Task instructions:
Please give the whole listing again word for word, and drop any pictures it holds.

Given data:
--- START ---
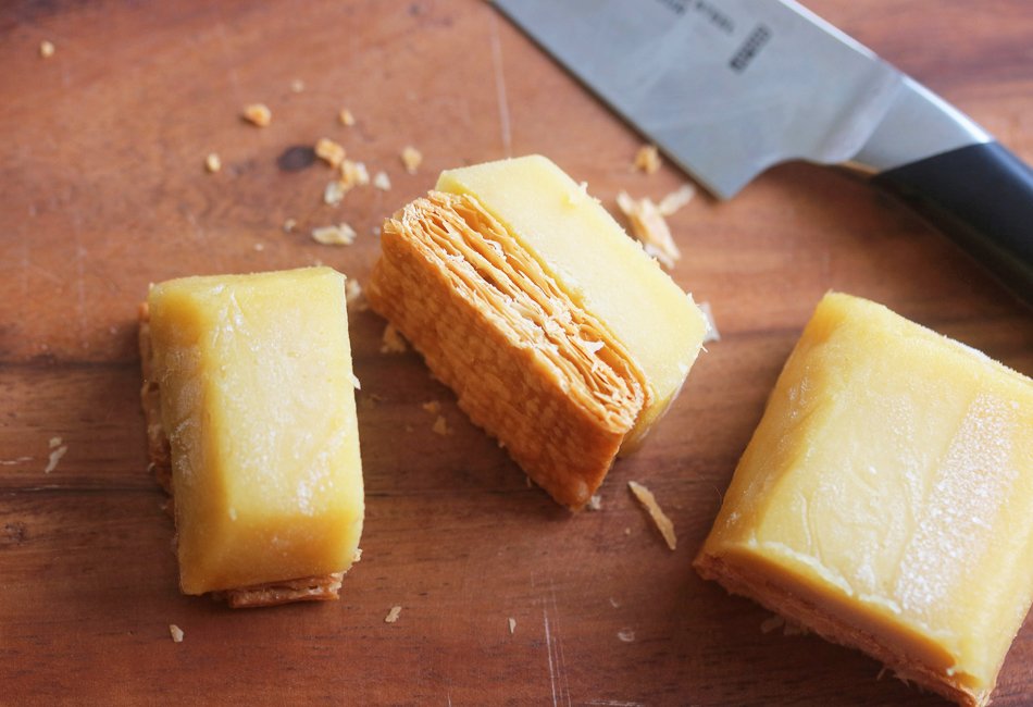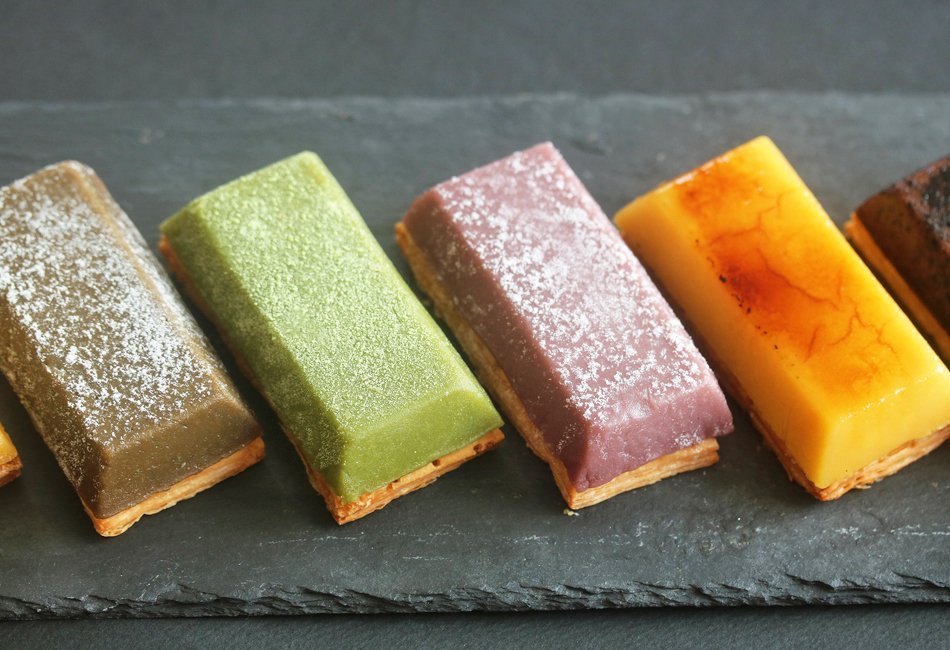 普通のスイートポテトとは一線を画していますが、それもそのはず。OIMOさんの生スイートポテトは材料にもこだわり、宮古島産の紅いもや長期間寝かせることで甘く熟成させた国産のさつまいも、宇治抹茶、北海道産のクリーム、バター以外の油脂分を使用していない248層のパイなど厳選したものを使用しているそう。
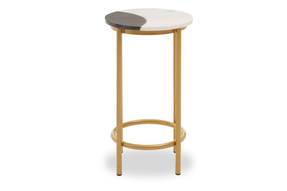 This imitable round side table is a classic design and a lovely addition to any living space. It features a smooth white marble top that is beautifully supported by a brass finished base comprised of four legs and a circular stretcher for stability. materials: Metal, Stone composition:60% Mdf, 40% Stainless Steel Care & Use Instr: Keep the table away from heating vents or radiators to prevent cracking and splitting. Dishwasher Safe: N Electric Hob Safe: N Freezer Safe: N Gas Hob Safe: N Halogen Hob Safe: N Induction Hob Safe: N Materials: Metal, Stone Microwave Safe: N Oven Safe: N Product Depth: 40 Product Height: 65 Product Weight (kg): 6.5 Product Width: 40 Item Assembled: Y
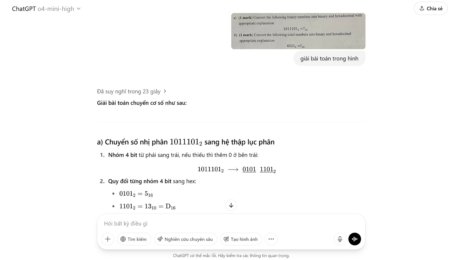 Là phiên bản nâng cấp của o4-mini, o4-mini-high được thiết kế để giải quyết các nhiệm vụ kỹ thuật phức tạp hơn, đòi hỏi độ chi tiết và chính xác cao. Mô hình này dành nhiều thời gian hơn để “suy nghĩ”, từ đó đưa ra những câu trả lời toàn diện và ít sai sót hơn, đặc biệt trong các bài toán toán học hóc búa, lập trình nâng cao hoặc giải thích các khái niệm khoa học chuyên sâu.
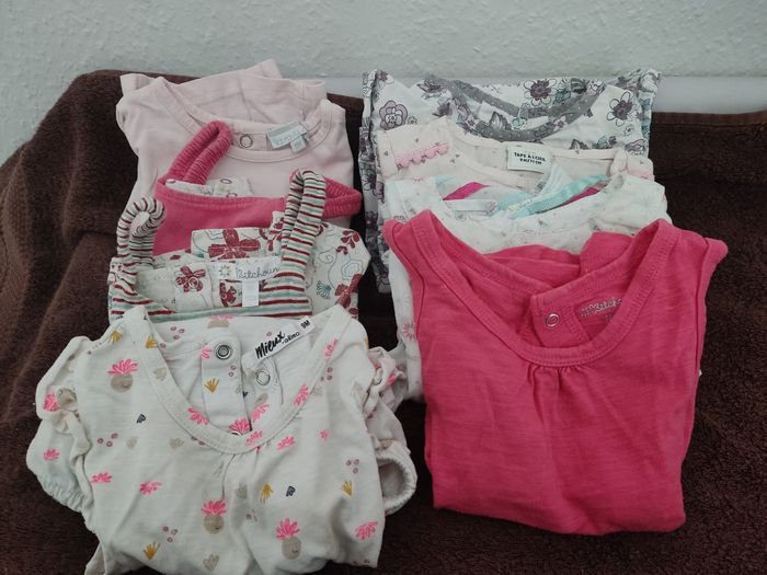 Un ensemble de petits hauts pour fille, en 9mois. Il contient : - 2 robes courtes - 4 hauts manches longues - 1 haut sans manche - 1 combishort Tout est lavé et désinfecté, maison non fumeur avec un chien.
--- END ---
Response:
 普通のスイートポテトとは一線を画していますが、それもそのはず。OIMOさんの生スイートポテトは材料にもこだわり、宮古島産の紅いもや長期間寝かせることで甘く熟成させた国産のさつまいも、宇治抹茶、北海道産のクリーム、バター以外の油脂分を使用していない248層のパイなど厳選したものを使用しているそう。
 This imitable round side table is a classic design and a lovely addition to any living space. It features a smooth white marble top that is beautifully supported by a brass finished base comprised of four legs and a circular stretcher for stability. materials: Metal, Stone composition:60% Mdf, 40% Stainless Steel Care & Use Instr: Keep the table away from heating vents or radiators to prevent cracking and splitting. Dishwasher Safe: N Electric Hob Safe: N Freezer Safe: N Gas Hob Safe: N Halogen Hob Safe: N Induction Hob Safe: N Materials: Metal, Stone Microwave Safe: N Oven Safe: N Product Depth: 40 Product Height: 65 Product Weight (kg): 6.5 Product Width: 40 Item Assembled: Y
 Là phiên bản nâng cấp của o4-mini, o4-mini-high được thiết kế để giải quyết các nhiệm vụ kỹ thuật phức tạp hơn, đòi hỏi độ chi tiết và chính xác cao. Mô hình này dành nhiều thời gian hơn để “suy nghĩ”, từ đó đưa ra những câu trả lời toàn diện và ít sai sót hơn, đặc biệt trong các bài toán toán học hóc búa, lập trình nâng cao hoặc giải thích các khái niệm khoa học chuyên sâu.
 Un ensemble de petits hauts pour fille, en 9mois. Il contient : - 2 robes courtes - 4 hauts manches longues - 1 haut sans manche - 1 combishort Tout est lavé et désinfecté, maison non fumeur avec un chien.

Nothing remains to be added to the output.